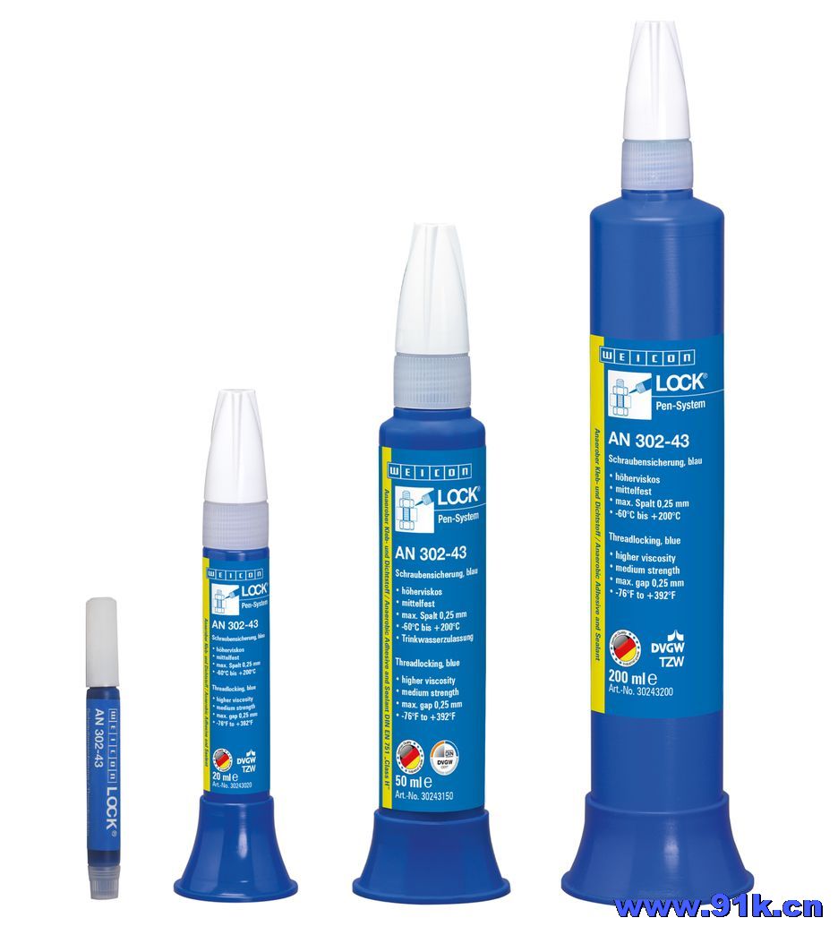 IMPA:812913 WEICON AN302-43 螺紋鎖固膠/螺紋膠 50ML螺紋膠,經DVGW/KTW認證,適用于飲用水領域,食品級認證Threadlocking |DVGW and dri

========

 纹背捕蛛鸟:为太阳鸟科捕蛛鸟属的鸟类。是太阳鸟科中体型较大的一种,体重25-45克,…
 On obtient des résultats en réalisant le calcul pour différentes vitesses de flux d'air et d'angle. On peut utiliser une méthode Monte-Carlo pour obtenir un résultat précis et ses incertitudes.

========

**ACTION ITEM:** Could you reproduce exactly the lines of the entries above, from the one with "纹背捕蛛鸟:为太阳鸟科捕蛛鸟" through the one with "On obtient des", and nothing else?

**ANSWER TO THE EXERCISE:**
 纹背捕蛛鸟:为太阳鸟科捕蛛鸟属的鸟类。是太阳鸟科中体型较大的一种,体重25-45克,…
 On obtient des résultats en réalisant le calcul pour différentes vitesses de flux d'air et d'angle. On peut utiliser une méthode Monte-Carlo pour obtenir un résultat précis et ses incertitudes.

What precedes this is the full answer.